Это было в марте 1881 года. Мне было пять лет. Едва ли я тогда умел читать. Следовательно, дальнейшее воспоминание, связанное с этим, относится к более позднему времени, лежа на животе, я разглядываю „Всемирную иллюстрацию“ и натыкаюсь на картину допроса обвиняемых по делу 1 марта в особом присутствии Сената. Иллюстратор постарался придать лицам обвиняемых наиболее жесткое, даже злое выражение. Я читаю отчет о процессе, мучительно стараясь понять его, но не могу понять. Коля говорит, что это потому, что я маленький, но и сам от объяснения уклоняется. К матери я не иду за объяснением, потому что Коля — моя высшая инстанция.
С тех пор загадка этого убийства всегда мучительно влекла меня к себе.
Отец служил директором Вельской прогимназии, помещавшейся на самом краю города, у Смоленской большой дороги, vis-?-vis с Петропавловским кладбищем. Мы занимали большую казенную квартиру в 7 комнат в первом этаже здания. Отец насадил большой сад на пустыре, принадлежавшем прогимназии. За садом начиналось поле, за полем верстах в 11/2–2 — леса или болота. Уездный городок Белый еще и теперь большая глушь, а в то время и подавно. Виндавской дороги тогда еще не было, и до ближайшей железнодорожной станции (ст. Ярцево Александровской — Моск. — Бел. — Балт. ж. д.) было 120 верст, до губернского города Смоленска — 140. Я считаю, что на долю мою выпало большое счастье провести детство в такой глуши среди почти нетронутой природы и среди людей, на которых мало оседала копоть больших городов. Вспоминая свое привольное детство, я думаю о городе Белом как о сущем рае. Но вся его прелесть открылась несколько позже, когда с годами получилась известная свобода передвижения в окрестных лесах. В дошкольном же возрасте кругозор, естественно, был неширок. У меня не сохранилось сплошного и вполне ясного воспоминания об этом времени. Помню только отдельные события, которые произвели сильное впечатление и потому не изгладились из памяти. К числу таких событий относится первое приключение, едва не стоившее мне жизни. Гуляя на кладбище с братьями и сестрой в сопровождении няни, я упал в сажалку (яму для разведения рыбы. — Ред. ) и сразу с головой погрузился в воду. К счастью, меня заметил один мальчик, гимназист 4-го класса, который, бросившись в яму, быстро извлек меня из воды. Плачущего, меня отнесли домой к испугавшейся матери. У мамы была, по-видимому, выработана на такие случаи строго принципиальная метода: меня тотчас же раздели, уложили в кровать, натерли горячим прованским маслом и дали касторки. Благодаря всем этим мерам со мною ничего не случилось, но охота тонуть была искоренена раз навсегда.
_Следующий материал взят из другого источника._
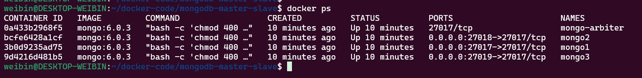 执行 docker compose up -d 启动容器。将启动四个 MongoDB 实例: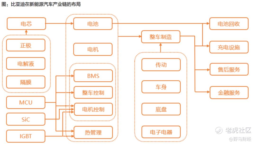 围绕新能源汽车行业,比亚迪已经打造了一条贯穿产业链上、中、下游以及后市场的闭环布局。

Когда старший брат Коля поступил в приготовительный класс и стал ходить учиться с ранцем и в длинных брюках, я ему страшно завидовал и, должно быть, несносно капризничал, потому что помню, как мама сказала раз: „Ну что мне теперь делать с Лялькой? Придется и его посадить учиться… Ну иди садись, что ли. Я буду тебя учить“. Помню, что я был очень доволен, но никак не мог понять, почему мама ни с того ни с сего стала объяснять то, что все знают, и почему ученье считается трудным.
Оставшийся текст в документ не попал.